In January 2016, when SMT was still adopted, a Chinese-English parallel corpus of 239,504 words including academic, literary, and news texts translated by human and three online MT systems: Google Translate, Baidu Translate, and Bing Translator were collected and complied. Through a quantitative analysis on the corpus, differences of MT systems and human in dealing with cohesive devices were found, e.g. in abstract corpus, MT uses more definite article in Baidu Translate, and more additive devices, i.e. “and”, “besides”, in Baidu Translate and Bing Translator, compared with human.

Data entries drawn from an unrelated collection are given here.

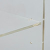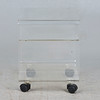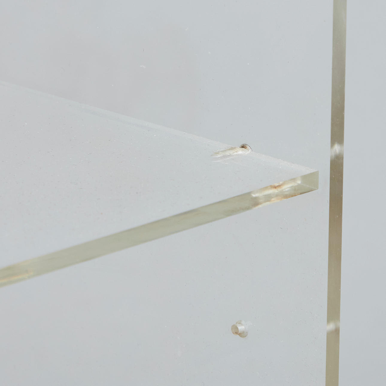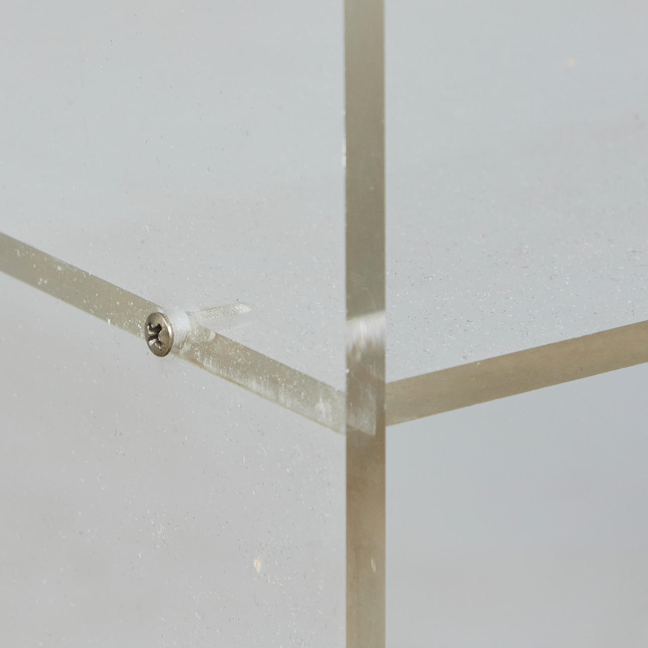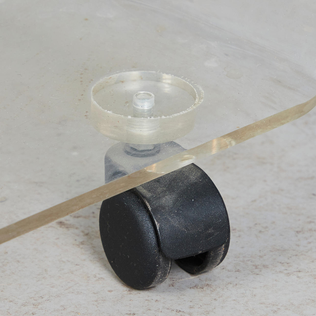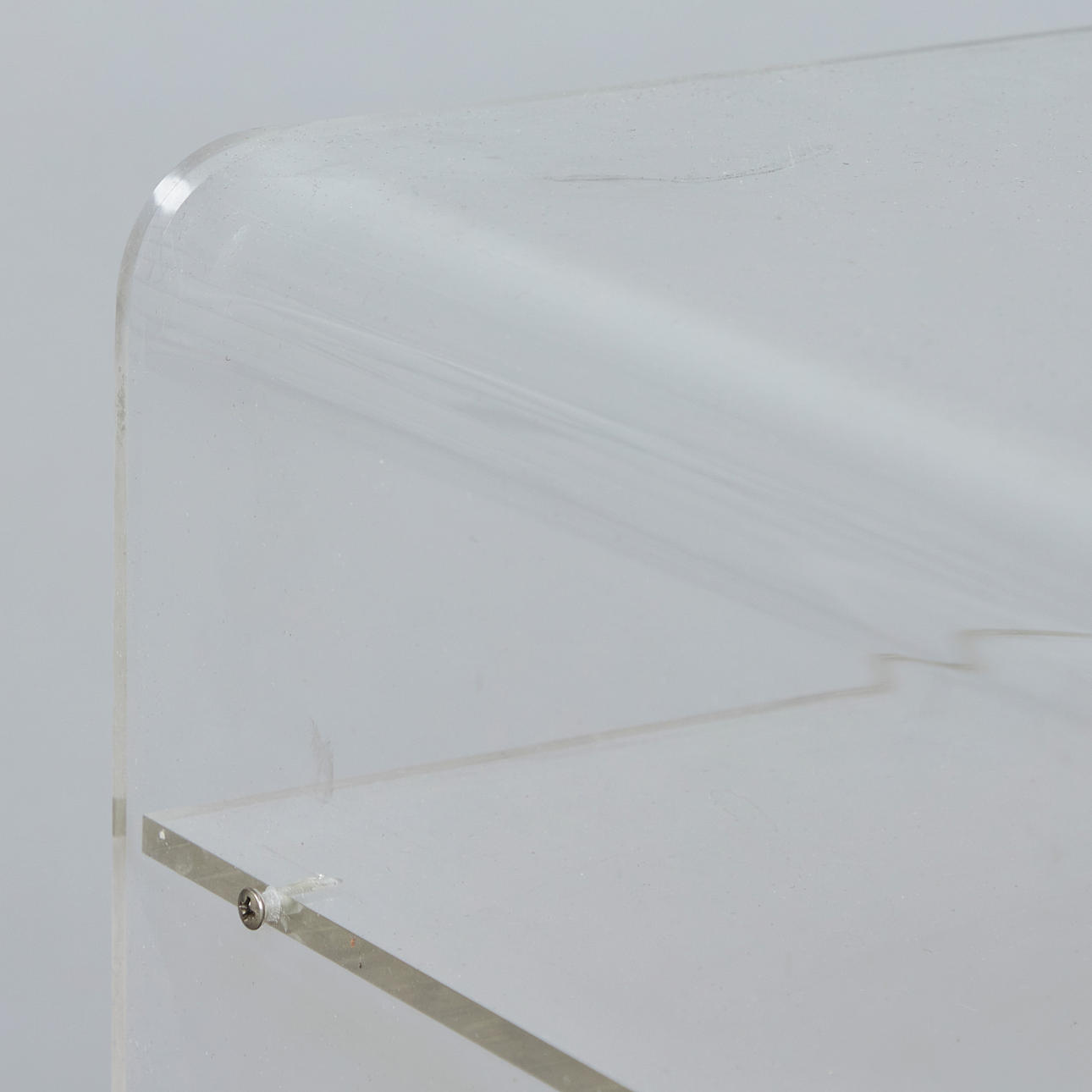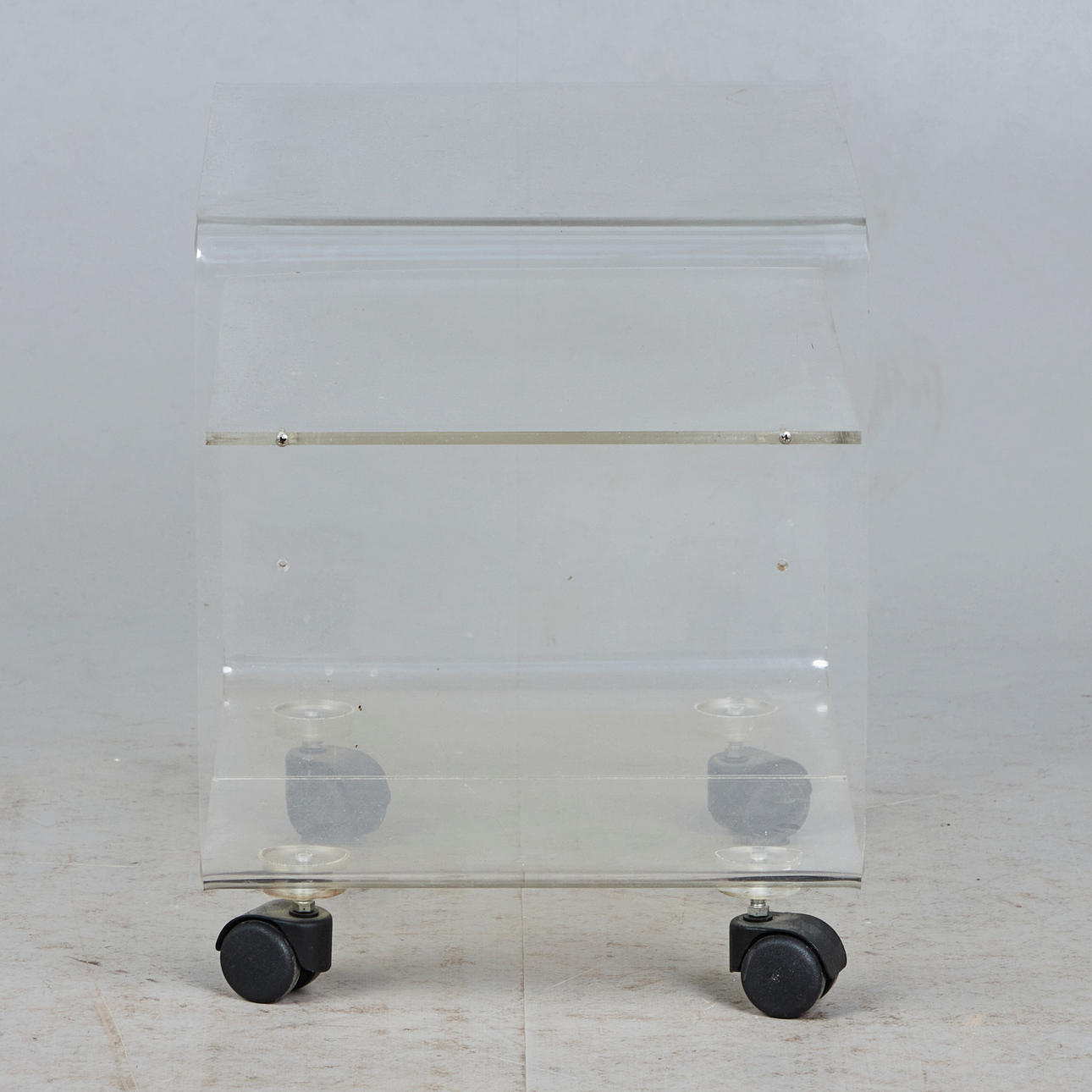 Rollwagen / Beistellwagen, Acryl, Kunststoff. Kubusförmige Konstruktion aus transparentem Acryglas mit zwei Ablagen und vier Rollen aus schwarzem Kunststoff, H.49cm, L.50,5cm, B.50cm.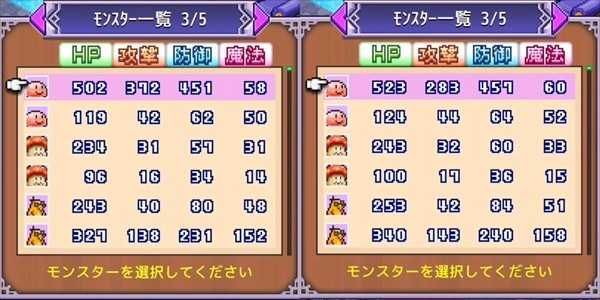 属性差异也很大。(*注意攻击。注意右侧的属性被提升到350铁矿石以便对比,因此所有洞穴怪物的等级加成和防御力都被加成了。)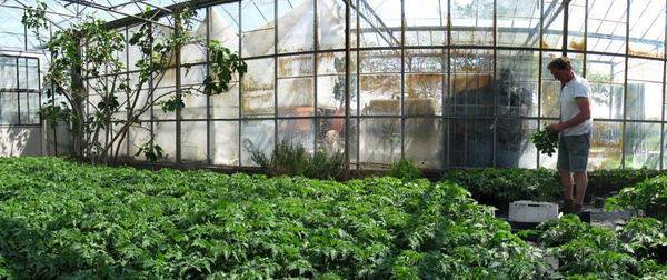 Im Sommer ist der Schwerpunkt der Arbeit der Fruchtgemüseanbau. Dann hängen an den hochrankenden Tomaten und Gurken pralle, satte Früchte zum Ernten von Anfang Juli bis September. Eine weitere Spezialität der Gärtnerei ist die eigene Jungpflanzenanzucht. Alle angebauten Kulturpflanzen werden im eigenen Betrieb vorgezogen, d.h. in kleine gepresste Bodenwürfel eingesät, gepflegt, gewässert und dann erst an Ort und Stelle gepflanzt. Dies ist eine der Hauptarbeiten im Februar, um für die Sommerkulturen zeitig pflanzen zu können. Außerdem werden im Februar und März die Kräuter wie Salbei, Rosmarin, Petersilie für den Sommer gepflanzt. Auch Radieserl und Radi werden nun gesät, die Sie dann im Frühsommer in Ihrer Kiste finden.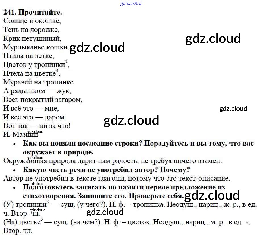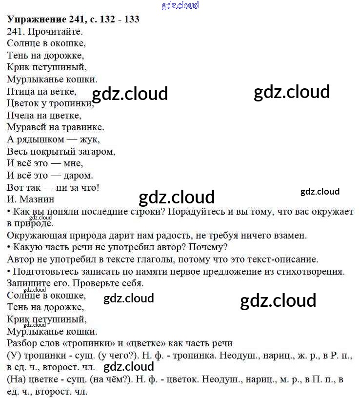 Ответ на задание 241 Учебник Русский язык за 3 (третий) класс Канакина, Горецкий Школа России 2013 Часть 1, 2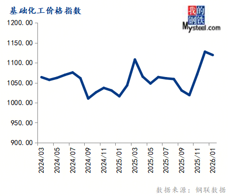 1月份基础化工价格指数为1119.47,环比下跌0.73%,同比上涨10.16%。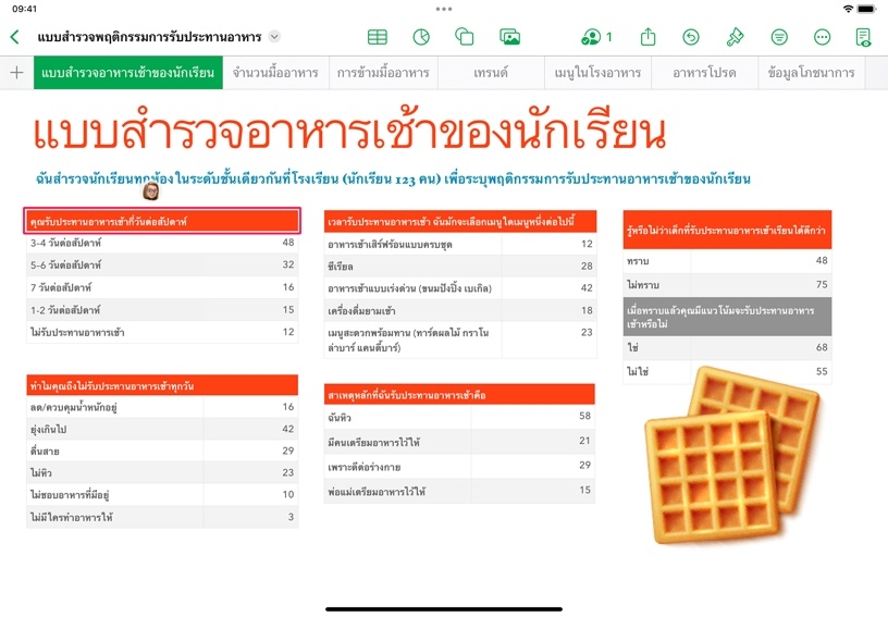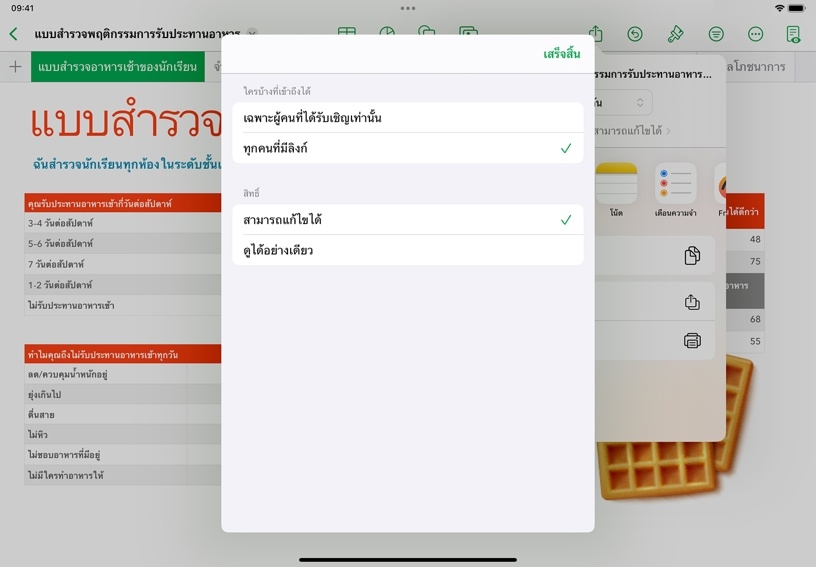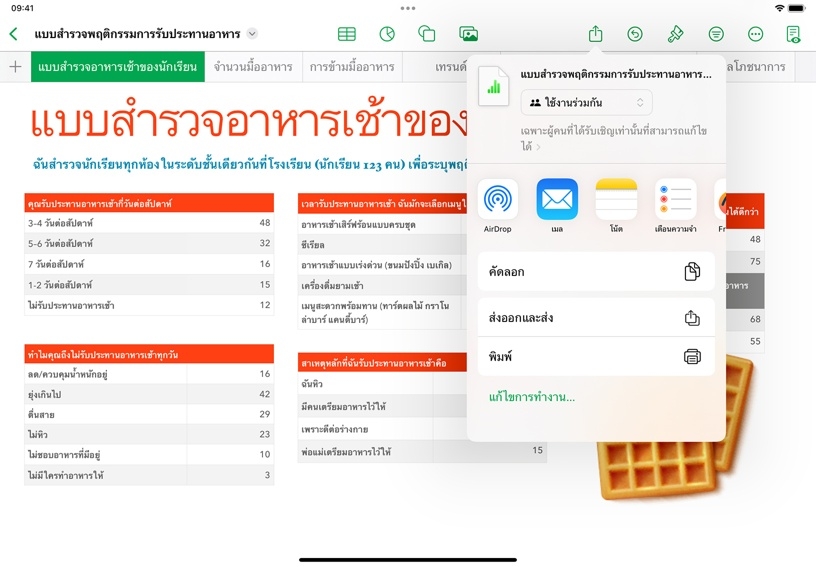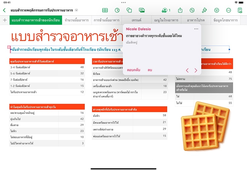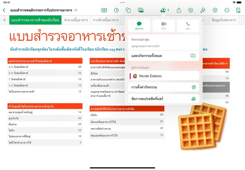 คุณสมบัติการทำงานร่วมกันใน Numbers ให้คุณเชิญคนอื่นมาแก้ไขและมีส่วนร่วมในสเปรดชีตได้แบบเรียลไทม์ คุณสามารถขอความคิดเห็นที่มีต่อผลงานจากเพื่อนร่วมงาน วางแผนโครงการร่วมกัน หรือแจ้งความคืบหน้าให้คนอื่นได้รับทราบโดยให้สิทธิ์ดูอย่างเดียวในสเปรดชีตก็ได้

As in the latter part of 2016, NMT began to be deployed for users and developers. In 2020, one of the academic texts was retrieved and re-translated by the three MT system, which now both adopt NMT. And in this paper, a diachronic and comparative case study was carried out based on the text, an abstract of a dissertation which includes 1637 words, in 21 short or long sentences. For this time, a qualitative analysis was performed. Having the data, we are able to compare solutions of dealing with cohesive devices between SMT and NMT in three MT system by first holistically overviewing six machine-translated texts, then tracking specific cohesive ties with FileLocatePro in each text, and finally comparing individual sentences translated by MT systems. In this way, we hope to target our research aims.

5. Analysis and Discussion

5.1. Sentence Length of Each Translation

As shown in Table 1, for the same piece of source text of academic genre, 21 original Chinese sentences were remained in the same segments for both three MT systems supported by SMT; however, quite different sentences segmentation for NMT, comparing that human translator tended to separate some long sentences into smaller ones, having 34 sentences in total, which shows that NMT more flexibly deal with sentence length than SMT.

5.2. Overall Usage of Cohesive Devices

To have a general view of cohesive ties used in each text, we used FileLocatePro to track both the human-translated text and 6 MT texts and about 72 cohesive ties were classified as references and conjunctions under the aforementioned classification. The results were shown in Table 2.

For example, when we searched personal pronouns of text translated by human, all 11 results were located and source sentence with high lightened key words “they” and “we” were clearly shown in the following Figure 1.

Table 1. Sentence length of three MT systems between SMT and NMT.

Table 2. Reference and conjunction traced in human translation and MT translations.

Figure 1. Location and source sentence of personal pronouns in human translation.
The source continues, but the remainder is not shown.